Provided data: Begin

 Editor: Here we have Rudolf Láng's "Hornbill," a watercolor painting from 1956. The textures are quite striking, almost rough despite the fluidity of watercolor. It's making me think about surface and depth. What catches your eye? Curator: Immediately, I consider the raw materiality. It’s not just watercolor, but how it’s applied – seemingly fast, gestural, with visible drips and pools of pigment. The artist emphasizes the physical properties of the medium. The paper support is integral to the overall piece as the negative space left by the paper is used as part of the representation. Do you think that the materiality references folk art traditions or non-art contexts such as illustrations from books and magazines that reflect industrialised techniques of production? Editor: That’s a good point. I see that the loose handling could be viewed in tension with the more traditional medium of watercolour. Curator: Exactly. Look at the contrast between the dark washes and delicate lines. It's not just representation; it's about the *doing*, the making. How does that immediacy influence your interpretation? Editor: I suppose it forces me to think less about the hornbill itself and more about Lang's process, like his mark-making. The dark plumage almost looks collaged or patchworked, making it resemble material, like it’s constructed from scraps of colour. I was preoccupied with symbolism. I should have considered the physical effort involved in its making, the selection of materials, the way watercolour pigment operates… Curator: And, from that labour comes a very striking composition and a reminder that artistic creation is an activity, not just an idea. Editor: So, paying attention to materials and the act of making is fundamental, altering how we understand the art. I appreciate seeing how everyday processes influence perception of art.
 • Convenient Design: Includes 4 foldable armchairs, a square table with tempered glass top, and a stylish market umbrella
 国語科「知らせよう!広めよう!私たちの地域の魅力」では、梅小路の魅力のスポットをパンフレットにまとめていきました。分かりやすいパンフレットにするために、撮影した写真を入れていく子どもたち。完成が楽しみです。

Provided data: End
Provided data: Begin

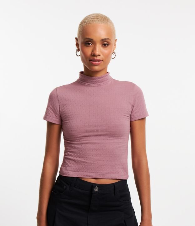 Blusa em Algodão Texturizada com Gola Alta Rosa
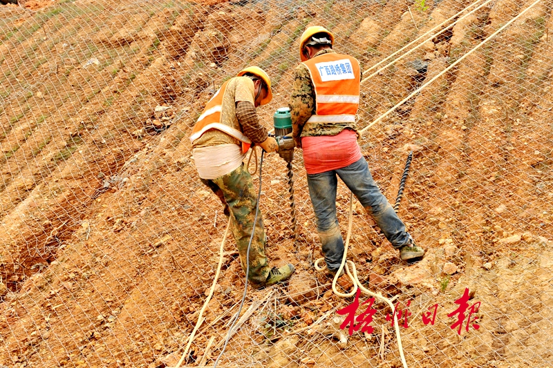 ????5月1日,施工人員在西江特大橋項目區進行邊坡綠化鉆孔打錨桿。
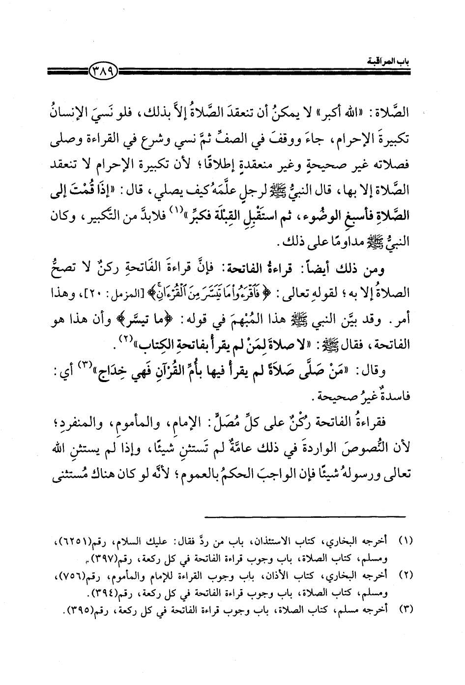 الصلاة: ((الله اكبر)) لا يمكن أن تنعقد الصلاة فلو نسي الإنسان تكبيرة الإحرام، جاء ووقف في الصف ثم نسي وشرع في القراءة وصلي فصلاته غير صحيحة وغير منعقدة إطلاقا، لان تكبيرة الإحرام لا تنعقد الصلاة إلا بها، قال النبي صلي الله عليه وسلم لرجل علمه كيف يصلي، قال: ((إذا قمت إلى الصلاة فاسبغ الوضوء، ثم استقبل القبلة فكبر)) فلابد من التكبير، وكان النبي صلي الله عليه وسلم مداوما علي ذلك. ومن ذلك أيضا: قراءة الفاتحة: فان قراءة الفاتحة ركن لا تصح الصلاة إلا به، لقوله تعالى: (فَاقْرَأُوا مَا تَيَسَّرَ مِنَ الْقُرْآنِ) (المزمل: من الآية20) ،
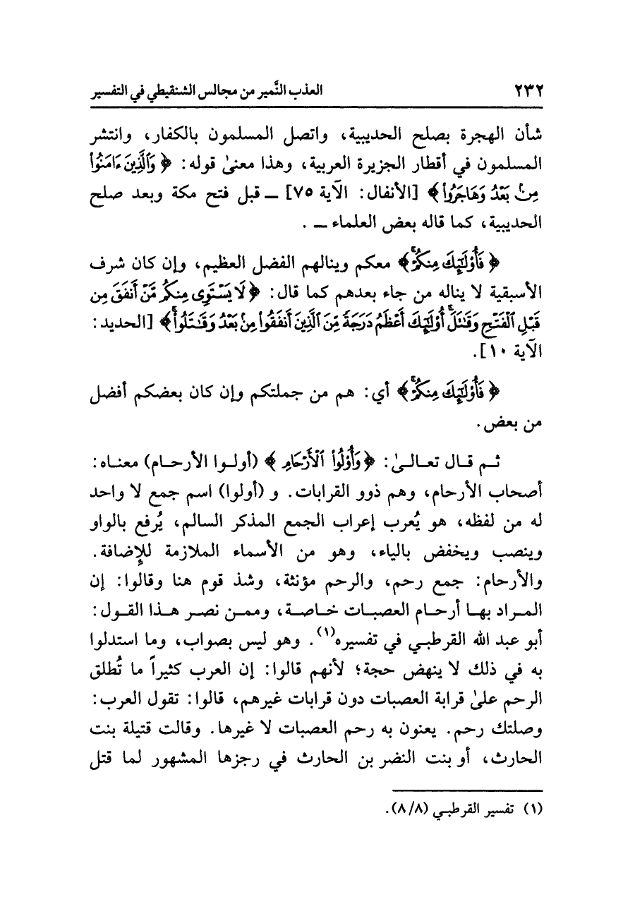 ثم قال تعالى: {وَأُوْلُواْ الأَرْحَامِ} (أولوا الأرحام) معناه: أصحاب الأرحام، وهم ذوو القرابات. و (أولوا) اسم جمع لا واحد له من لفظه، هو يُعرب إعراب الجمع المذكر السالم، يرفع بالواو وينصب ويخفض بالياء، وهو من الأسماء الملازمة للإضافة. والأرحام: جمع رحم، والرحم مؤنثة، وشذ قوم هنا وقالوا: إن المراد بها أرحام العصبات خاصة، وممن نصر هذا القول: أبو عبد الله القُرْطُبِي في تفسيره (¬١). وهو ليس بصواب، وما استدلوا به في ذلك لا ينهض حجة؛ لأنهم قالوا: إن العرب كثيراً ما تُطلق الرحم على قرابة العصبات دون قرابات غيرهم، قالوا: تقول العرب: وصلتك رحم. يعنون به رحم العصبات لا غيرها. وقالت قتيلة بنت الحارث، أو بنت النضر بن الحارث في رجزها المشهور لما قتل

Provided data: End
Provided data: Begin

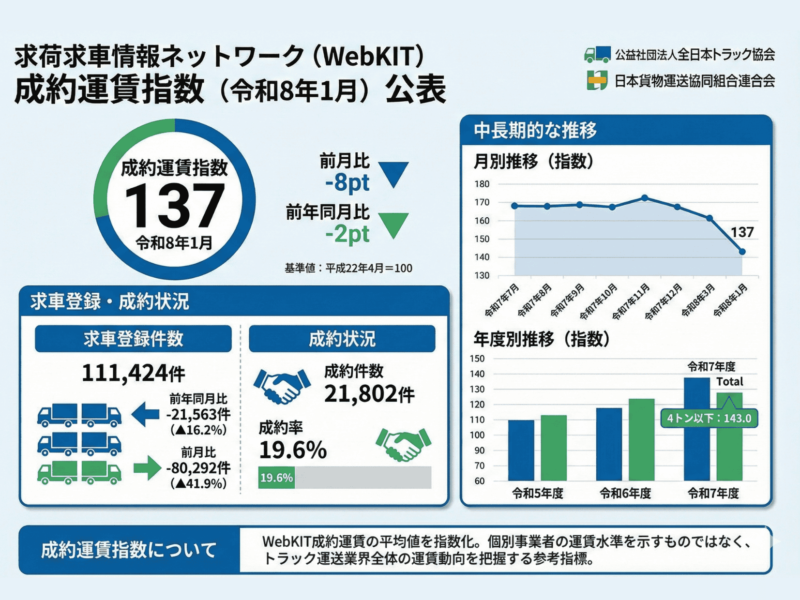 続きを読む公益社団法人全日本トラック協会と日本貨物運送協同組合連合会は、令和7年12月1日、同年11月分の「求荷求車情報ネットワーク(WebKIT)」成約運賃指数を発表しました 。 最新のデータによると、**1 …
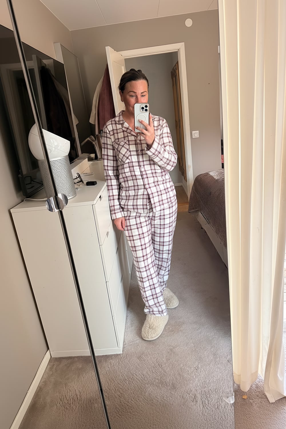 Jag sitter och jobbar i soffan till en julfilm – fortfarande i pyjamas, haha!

Provided data: End

**Problem statement**
Above is a listing; print exactly its lines from the one with "stylish market umbrella" through the one with "国語科「知らせよう!広めよう", and no other lines.

**Finished task**
 • Convenient Design: Includes 4 foldable armchairs, a square table with tempered glass top, and a stylish market umbrella
 国語科「知らせよう!広めよう!私たちの地域の魅力」では、梅小路の魅力のスポットをパンフレットにまとめていきました。分かりやすいパンフレットにするために、撮影した写真を入れていく子どもたち。完成が楽しみです。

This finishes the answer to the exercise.